PROVIDED RECORDS:
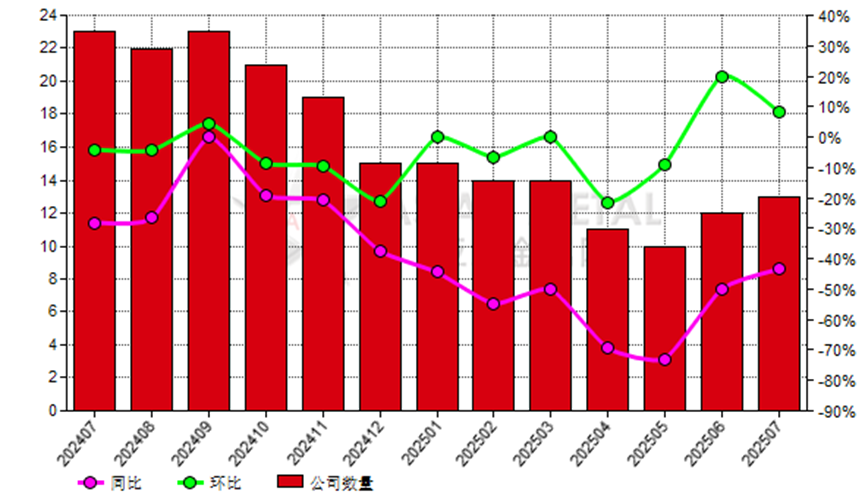 2025年1-7月,13家生产商共计生产125,300.00公吨,平均开工率5.47%。
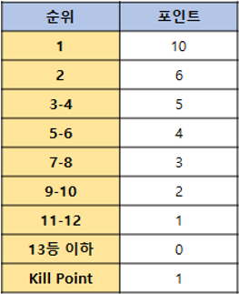 · 2개 맵의 킬, 순위 포인트 합산으로 순위 산정, 동점 발생 시 3.3.3.4 포인트 동점 시 우선 순위 항목에 따라 순위 결정하여 3라운드 추가 진행
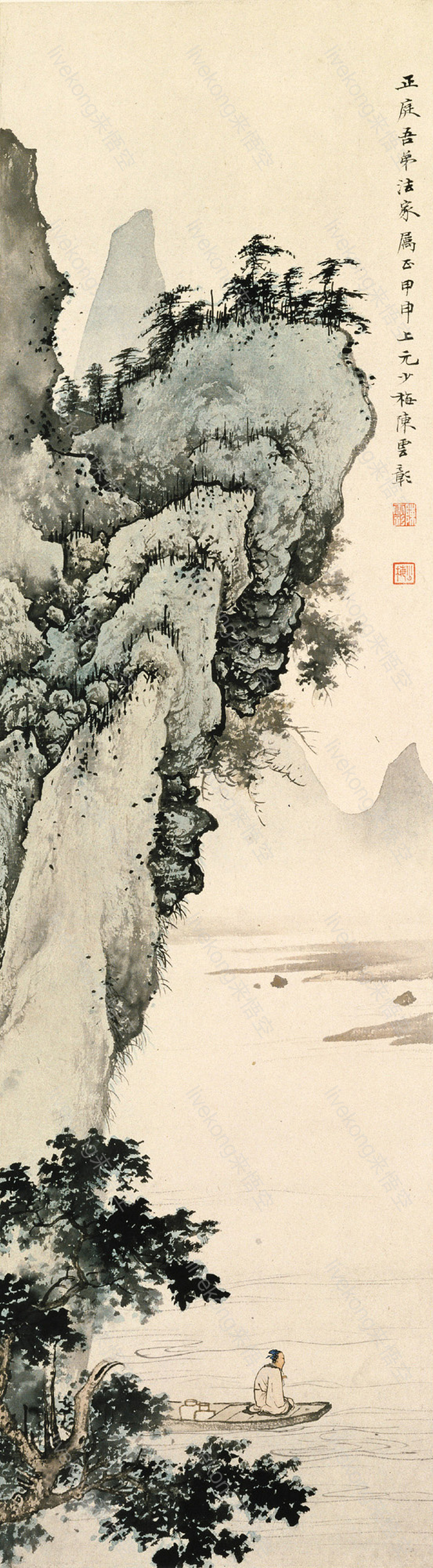 简介:  中国画、古人、古画、名画、国画、山水画、松树、水墨画、舟、船、陈少梅作品、青山绿水、高山、
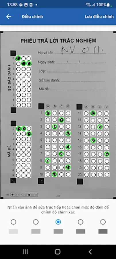 This is the feature of marking multiple-choice tests on the coloring sheet with 2 methods: Dot from the phone or Dot from the scanned file
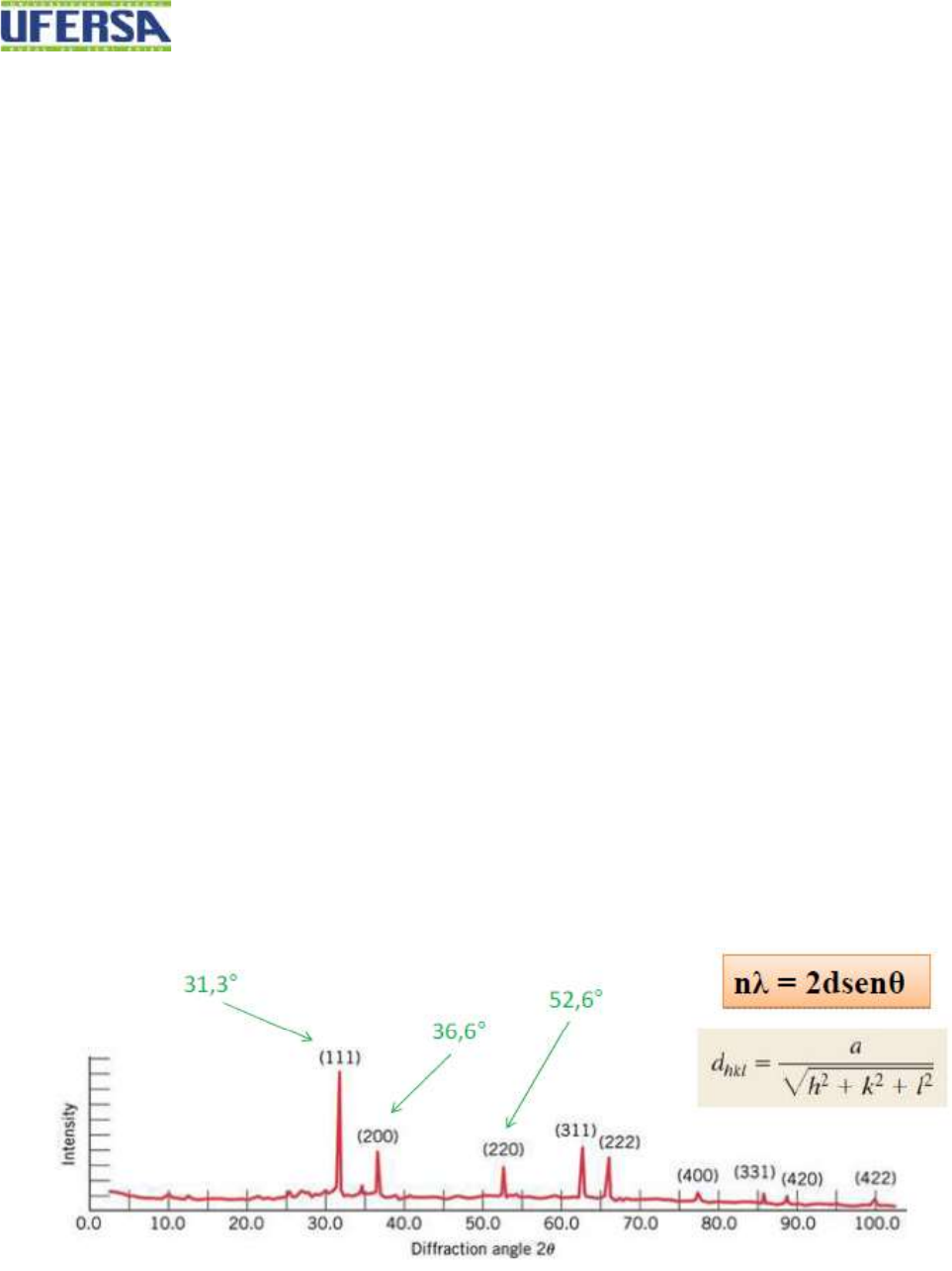 UNIVERSIDADE FEDERAL RURAL DO SEMI-ÁRIDO CENTRO MULTIDISCIPLINAR DE PAU DOS FERROS Disciplina: Fundamentos de Ciências dos Materiais Código: PEN1883 Professora: Josy Eliziane Torres Ramos Período: Noturno Aluno: _____________________________________________________________ Turma: _____ Data: ______/_______/_______ Orientações: 1) A prova deve ser feita de caneta esferográfica azul ou preta; 2) Só será considerada a prova entregue para correção dentro do prazo no sistema SIGAA; 3) Só serão consideradas questões com todos os cálculos, claros e legíveis. 1ª AVALIAÇÃO 1. O metal ródio possui uma estrutura CFC. Se o ângulo de difração para o conjunto de planos (311) ocorre em 36,12° (reflexão de primeira ordem, n = 1) quando é usada uma radiação X monocromática com comprimento de onda 0,0711nm, calcular (2,0 pontos): a) o espaçamento interplanar para este conjunto de planos; b) o raio atômico para o átomo de ródio; c) a densidade teórica do material, a partir do valor do raio calculado no item b. Considere a massa molar do Ródio = 102,91g/mol. d) desenhe o plano (311) na célula unitária. 2. A imagem a seguir apresenta um difratograma para o elemento chumbo, obtido usando radiação monocromática com comprimento de onda de 0,1542nm. Cada pico de difração foi identificado. Calcule o espaçamento interplanar para os 2 primeiros planos (identificados na imagem) e também o parâmetro “a” da rede cristalina para os 2 primeiros picos (2,0 pontos). 3. Uma chapa de aço com 1,5mm de espessura e a 1200°C possui atmosferas de nitrogênio em ambos os lados, e se lhe permite atingir um coeficiente de difusão em estado estacionário. O coeficiente de difusão para o nitrogênio no aço, nessa temperatura, é de 6x10-11 m²/s e o fluxo de difusão 1,2x10-7 kg/m².s. Sabe-se ainda que a concentração do nitrogênio no aço na superfície com alta pressão é de 4kg/m³. A que profundidade do interior da chapa, a partir desse lado com pressão elevada, a concentração será de 2kg/m³? Considere um perfil de concentração linear. (1,0 ponto). 4. Determine o tempo de carbonetação necessário para atingir uma concentração de carbono de 0,45%p em uma posição de 2mm em direção ao interior de uma liga ferro- carbono contendo inicialmente 0,20%p de carbono. A concentração na superfície deve ser mantida em 1,30%p de carbono, e o tratamento deve ser conduzido numa temperatura de 1000°C. Utilize os dados de difusão do Ferro apresentado na tabela a seguir (1,0 ponto). 5. Um corpo de prova cilíndrico de um aço, onde a curva tensão-deformação está apresentada abaixo, contém 8,5mm de diâmetro e 80mm de comprimento. O mesmo é submetido a um ensaio de tração. Determine (2,0 pontos): a) O seu alongamento quando uma carga de 65.250N for aplicada; b) O valor do módulo de elasticidade; c) O valor do limite de escoamento para deformação de engenharia = 0,002 (ou 0,2%); d) O valor do limite de resistência à tração. Boa prova!

WHAT YOU ARE ASKED TO DO: Leave out any pictures and return exactly the lines from the beginning of the data through the line with "This is the", inclusive.

SOLUTION TO THE PROBLEM:
 2025年1-7月,13家生产商共计生产125,300.00公吨,平均开工率5.47%。
 · 2개 맵의 킬, 순위 포인트 합산으로 순위 산정, 동점 발생 시 3.3.3.4 포인트 동점 시 우선 순위 항목에 따라 순위 결정하여 3라운드 추가 진행
 简介:  中国画、古人、古画、名画、国画、山水画、松树、水墨画、舟、船、陈少梅作品、青山绿水、高山、
 This is the feature of marking multiple-choice tests on the coloring sheet with 2 methods: Dot from the phone or Dot from the scanned file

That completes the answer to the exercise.